### Instructions for the task
Without the images, repeat every line of the listing exactly.

### Collected material
.....

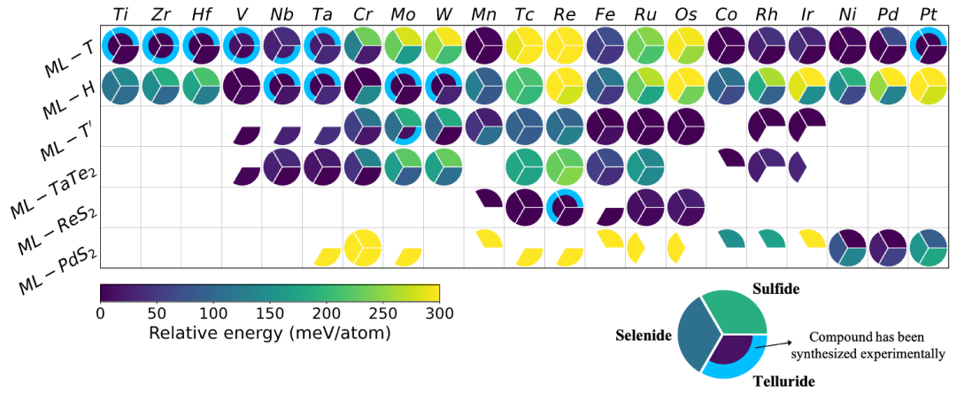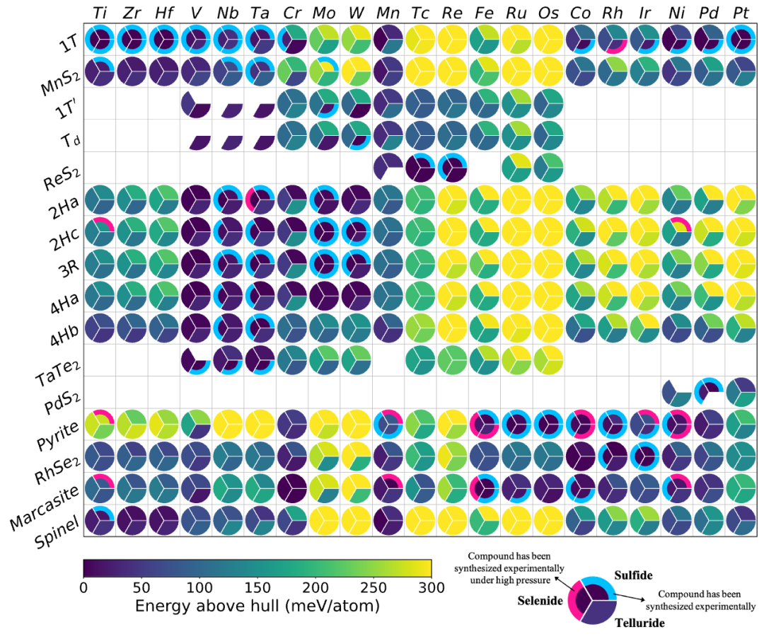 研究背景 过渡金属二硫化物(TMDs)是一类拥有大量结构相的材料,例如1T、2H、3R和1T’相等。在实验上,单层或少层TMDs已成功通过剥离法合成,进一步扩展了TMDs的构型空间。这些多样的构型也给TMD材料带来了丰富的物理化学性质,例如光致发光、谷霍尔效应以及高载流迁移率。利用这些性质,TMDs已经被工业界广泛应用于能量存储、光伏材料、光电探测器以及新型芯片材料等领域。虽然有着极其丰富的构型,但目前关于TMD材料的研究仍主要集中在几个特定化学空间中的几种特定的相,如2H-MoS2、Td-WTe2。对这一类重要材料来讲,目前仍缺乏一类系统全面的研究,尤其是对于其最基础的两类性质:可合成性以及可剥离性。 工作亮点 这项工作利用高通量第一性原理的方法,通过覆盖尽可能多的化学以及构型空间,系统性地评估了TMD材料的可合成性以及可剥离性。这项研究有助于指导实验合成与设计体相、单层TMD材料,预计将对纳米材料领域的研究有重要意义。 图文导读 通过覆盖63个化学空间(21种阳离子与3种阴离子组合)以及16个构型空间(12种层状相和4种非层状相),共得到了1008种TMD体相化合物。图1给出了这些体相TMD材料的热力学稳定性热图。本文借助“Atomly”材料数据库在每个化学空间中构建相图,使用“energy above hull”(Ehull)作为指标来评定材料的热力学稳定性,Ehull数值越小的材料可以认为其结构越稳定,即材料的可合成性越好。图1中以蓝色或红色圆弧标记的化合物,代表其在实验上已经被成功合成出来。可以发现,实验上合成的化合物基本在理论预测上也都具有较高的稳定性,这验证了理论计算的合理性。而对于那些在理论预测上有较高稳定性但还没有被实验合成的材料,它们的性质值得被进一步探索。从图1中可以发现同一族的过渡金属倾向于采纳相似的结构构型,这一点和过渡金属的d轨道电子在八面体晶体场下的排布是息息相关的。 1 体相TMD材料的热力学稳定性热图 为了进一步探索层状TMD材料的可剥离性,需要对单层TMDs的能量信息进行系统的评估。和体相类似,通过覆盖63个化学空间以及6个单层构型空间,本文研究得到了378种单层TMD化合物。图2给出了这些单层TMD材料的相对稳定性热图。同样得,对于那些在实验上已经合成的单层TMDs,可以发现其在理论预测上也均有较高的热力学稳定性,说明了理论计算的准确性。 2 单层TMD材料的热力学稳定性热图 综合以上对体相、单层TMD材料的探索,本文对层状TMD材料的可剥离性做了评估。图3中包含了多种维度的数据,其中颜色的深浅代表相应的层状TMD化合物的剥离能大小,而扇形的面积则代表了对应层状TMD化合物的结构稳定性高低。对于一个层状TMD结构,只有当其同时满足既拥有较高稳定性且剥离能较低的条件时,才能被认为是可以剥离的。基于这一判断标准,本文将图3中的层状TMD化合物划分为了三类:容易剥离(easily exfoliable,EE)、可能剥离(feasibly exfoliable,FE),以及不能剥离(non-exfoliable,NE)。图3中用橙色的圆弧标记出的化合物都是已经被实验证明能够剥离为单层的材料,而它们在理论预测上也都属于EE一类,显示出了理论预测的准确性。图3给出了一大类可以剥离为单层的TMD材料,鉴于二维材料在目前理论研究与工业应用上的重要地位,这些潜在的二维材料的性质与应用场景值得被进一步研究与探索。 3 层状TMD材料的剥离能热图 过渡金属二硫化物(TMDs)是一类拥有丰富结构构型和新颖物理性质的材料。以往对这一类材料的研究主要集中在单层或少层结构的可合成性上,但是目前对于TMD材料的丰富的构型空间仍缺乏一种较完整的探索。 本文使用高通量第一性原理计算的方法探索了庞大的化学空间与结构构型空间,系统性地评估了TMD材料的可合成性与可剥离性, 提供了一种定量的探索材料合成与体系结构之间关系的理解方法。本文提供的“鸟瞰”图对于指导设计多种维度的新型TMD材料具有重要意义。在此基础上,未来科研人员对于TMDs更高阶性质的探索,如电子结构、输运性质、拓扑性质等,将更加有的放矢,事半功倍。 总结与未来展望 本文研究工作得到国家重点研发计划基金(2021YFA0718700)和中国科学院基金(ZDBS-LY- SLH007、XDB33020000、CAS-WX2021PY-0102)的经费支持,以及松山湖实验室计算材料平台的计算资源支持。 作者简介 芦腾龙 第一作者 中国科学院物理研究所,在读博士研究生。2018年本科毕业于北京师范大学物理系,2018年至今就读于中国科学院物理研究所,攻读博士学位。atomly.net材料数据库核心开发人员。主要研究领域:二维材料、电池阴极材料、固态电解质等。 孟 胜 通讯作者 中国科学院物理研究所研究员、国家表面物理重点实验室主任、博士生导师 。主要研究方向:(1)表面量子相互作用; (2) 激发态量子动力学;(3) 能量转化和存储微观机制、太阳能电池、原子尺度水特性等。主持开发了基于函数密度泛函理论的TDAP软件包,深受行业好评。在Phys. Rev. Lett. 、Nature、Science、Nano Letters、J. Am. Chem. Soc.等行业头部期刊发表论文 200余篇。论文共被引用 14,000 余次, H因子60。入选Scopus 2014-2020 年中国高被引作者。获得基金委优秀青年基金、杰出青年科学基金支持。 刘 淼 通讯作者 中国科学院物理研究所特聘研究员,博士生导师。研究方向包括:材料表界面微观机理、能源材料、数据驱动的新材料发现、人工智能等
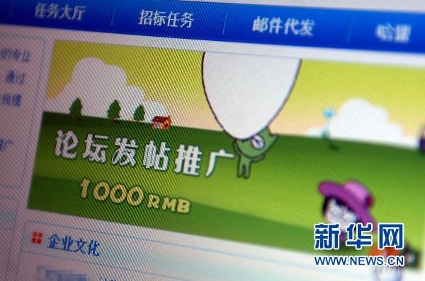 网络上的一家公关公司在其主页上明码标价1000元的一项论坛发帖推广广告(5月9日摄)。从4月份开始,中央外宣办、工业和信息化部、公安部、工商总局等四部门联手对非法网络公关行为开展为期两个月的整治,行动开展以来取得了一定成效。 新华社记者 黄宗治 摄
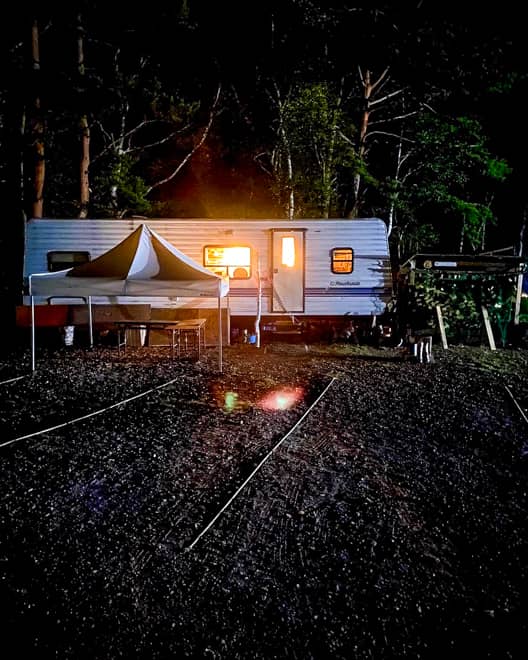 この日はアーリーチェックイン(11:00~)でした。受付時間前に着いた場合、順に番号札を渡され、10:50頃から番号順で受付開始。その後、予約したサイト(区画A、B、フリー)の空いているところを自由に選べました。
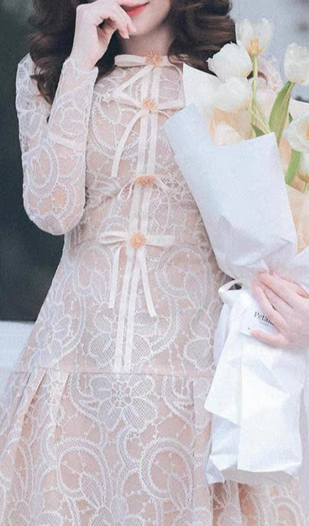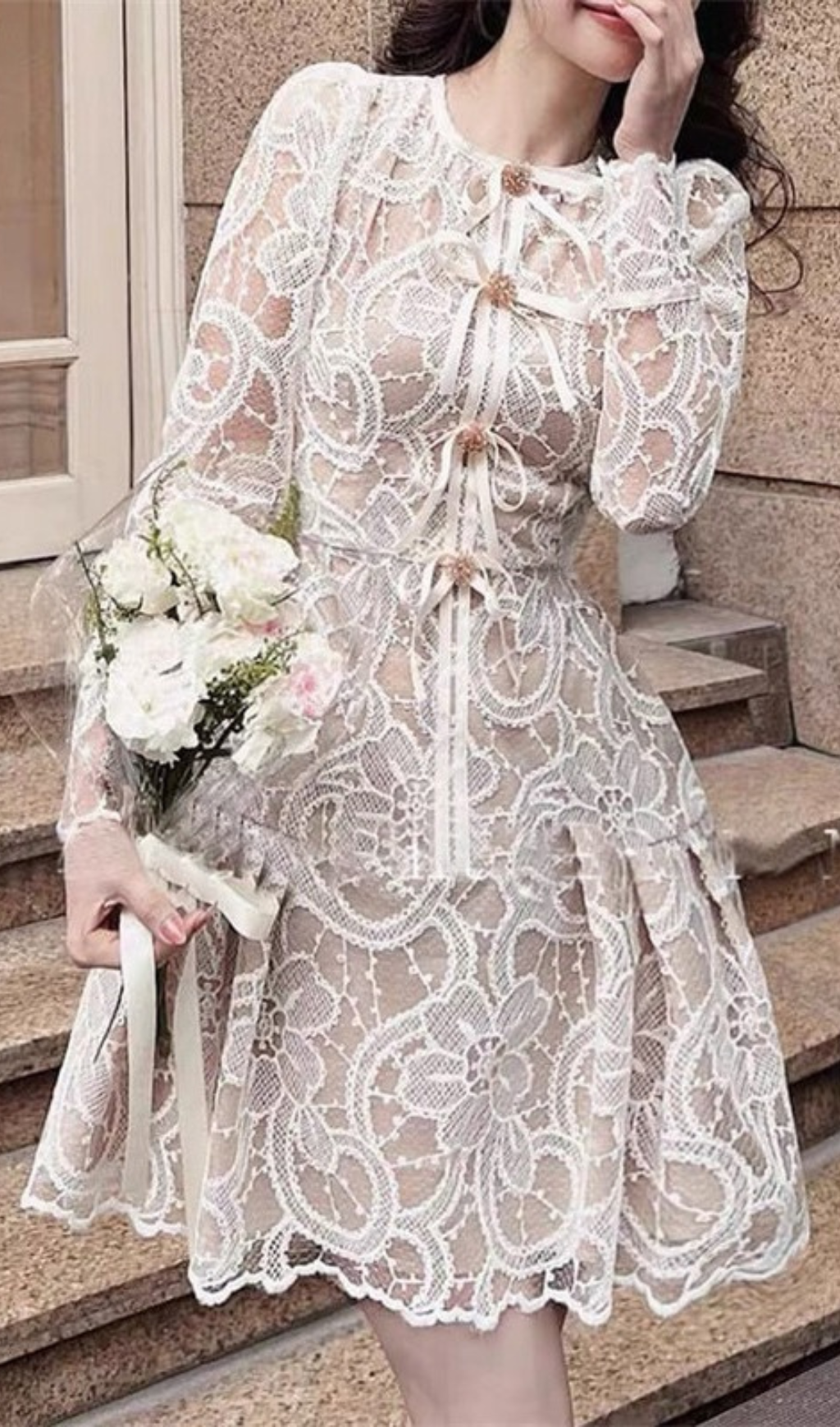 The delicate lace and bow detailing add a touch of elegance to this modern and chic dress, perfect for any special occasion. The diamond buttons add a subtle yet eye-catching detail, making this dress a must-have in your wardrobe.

.....

### Solution for this task
 研究背景 过渡金属二硫化物(TMDs)是一类拥有大量结构相的材料,例如1T、2H、3R和1T’相等。在实验上,单层或少层TMDs已成功通过剥离法合成,进一步扩展了TMDs的构型空间。这些多样的构型也给TMD材料带来了丰富的物理化学性质,例如光致发光、谷霍尔效应以及高载流迁移率。利用这些性质,TMDs已经被工业界广泛应用于能量存储、光伏材料、光电探测器以及新型芯片材料等领域。虽然有着极其丰富的构型,但目前关于TMD材料的研究仍主要集中在几个特定化学空间中的几种特定的相,如2H-MoS2、Td-WTe2。对这一类重要材料来讲,目前仍缺乏一类系统全面的研究,尤其是对于其最基础的两类性质:可合成性以及可剥离性。 工作亮点 这项工作利用高通量第一性原理的方法,通过覆盖尽可能多的化学以及构型空间,系统性地评估了TMD材料的可合成性以及可剥离性。这项研究有助于指导实验合成与设计体相、单层TMD材料,预计将对纳米材料领域的研究有重要意义。 图文导读 通过覆盖63个化学空间(21种阳离子与3种阴离子组合)以及16个构型空间(12种层状相和4种非层状相),共得到了1008种TMD体相化合物。图1给出了这些体相TMD材料的热力学稳定性热图。本文借助“Atomly”材料数据库在每个化学空间中构建相图,使用“energy above hull”(Ehull)作为指标来评定材料的热力学稳定性,Ehull数值越小的材料可以认为其结构越稳定,即材料的可合成性越好。图1中以蓝色或红色圆弧标记的化合物,代表其在实验上已经被成功合成出来。可以发现,实验上合成的化合物基本在理论预测上也都具有较高的稳定性,这验证了理论计算的合理性。而对于那些在理论预测上有较高稳定性但还没有被实验合成的材料,它们的性质值得被进一步探索。从图1中可以发现同一族的过渡金属倾向于采纳相似的结构构型,这一点和过渡金属的d轨道电子在八面体晶体场下的排布是息息相关的。 1 体相TMD材料的热力学稳定性热图 为了进一步探索层状TMD材料的可剥离性,需要对单层TMDs的能量信息进行系统的评估。和体相类似,通过覆盖63个化学空间以及6个单层构型空间,本文研究得到了378种单层TMD化合物。图2给出了这些单层TMD材料的相对稳定性热图。同样得,对于那些在实验上已经合成的单层TMDs,可以发现其在理论预测上也均有较高的热力学稳定性,说明了理论计算的准确性。 2 单层TMD材料的热力学稳定性热图 综合以上对体相、单层TMD材料的探索,本文对层状TMD材料的可剥离性做了评估。图3中包含了多种维度的数据,其中颜色的深浅代表相应的层状TMD化合物的剥离能大小,而扇形的面积则代表了对应层状TMD化合物的结构稳定性高低。对于一个层状TMD结构,只有当其同时满足既拥有较高稳定性且剥离能较低的条件时,才能被认为是可以剥离的。基于这一判断标准,本文将图3中的层状TMD化合物划分为了三类:容易剥离(easily exfoliable,EE)、可能剥离(feasibly exfoliable,FE),以及不能剥离(non-exfoliable,NE)。图3中用橙色的圆弧标记出的化合物都是已经被实验证明能够剥离为单层的材料,而它们在理论预测上也都属于EE一类,显示出了理论预测的准确性。图3给出了一大类可以剥离为单层的TMD材料,鉴于二维材料在目前理论研究与工业应用上的重要地位,这些潜在的二维材料的性质与应用场景值得被进一步研究与探索。 3 层状TMD材料的剥离能热图 过渡金属二硫化物(TMDs)是一类拥有丰富结构构型和新颖物理性质的材料。以往对这一类材料的研究主要集中在单层或少层结构的可合成性上,但是目前对于TMD材料的丰富的构型空间仍缺乏一种较完整的探索。 本文使用高通量第一性原理计算的方法探索了庞大的化学空间与结构构型空间,系统性地评估了TMD材料的可合成性与可剥离性, 提供了一种定量的探索材料合成与体系结构之间关系的理解方法。本文提供的“鸟瞰”图对于指导设计多种维度的新型TMD材料具有重要意义。在此基础上,未来科研人员对于TMDs更高阶性质的探索,如电子结构、输运性质、拓扑性质等,将更加有的放矢,事半功倍。 总结与未来展望 本文研究工作得到国家重点研发计划基金(2021YFA0718700)和中国科学院基金(ZDBS-LY- SLH007、XDB33020000、CAS-WX2021PY-0102)的经费支持,以及松山湖实验室计算材料平台的计算资源支持。 作者简介 芦腾龙 第一作者 中国科学院物理研究所,在读博士研究生。2018年本科毕业于北京师范大学物理系,2018年至今就读于中国科学院物理研究所,攻读博士学位。atomly.net材料数据库核心开发人员。主要研究领域:二维材料、电池阴极材料、固态电解质等。 孟 胜 通讯作者 中国科学院物理研究所研究员、国家表面物理重点实验室主任、博士生导师 。主要研究方向:(1)表面量子相互作用; (2) 激发态量子动力学;(3) 能量转化和存储微观机制、太阳能电池、原子尺度水特性等。主持开发了基于函数密度泛函理论的TDAP软件包,深受行业好评。在Phys. Rev. Lett. 、Nature、Science、Nano Letters、J. Am. Chem. Soc.等行业头部期刊发表论文 200余篇。论文共被引用 14,000 余次, H因子60。入选Scopus 2014-2020 年中国高被引作者。获得基金委优秀青年基金、杰出青年科学基金支持。 刘 淼 通讯作者 中国科学院物理研究所特聘研究员,博士生导师。研究方向包括:材料表界面微观机理、能源材料、数据驱动的新材料发现、人工智能等
 网络上的一家公关公司在其主页上明码标价1000元的一项论坛发帖推广广告(5月9日摄)。从4月份开始,中央外宣办、工业和信息化部、公安部、工商总局等四部门联手对非法网络公关行为开展为期两个月的整治,行动开展以来取得了一定成效。 新华社记者 黄宗治 摄
 この日はアーリーチェックイン(11:00~)でした。受付時間前に着いた場合、順に番号札を渡され、10:50頃から番号順で受付開始。その後、予約したサイト(区画A、B、フリー)の空いているところを自由に選べました。
 The delicate lace and bow detailing add a touch of elegance to this modern and chic dress, perfect for any special occasion. The diamond buttons add a subtle yet eye-catching detail, making this dress a must-have in your wardrobe.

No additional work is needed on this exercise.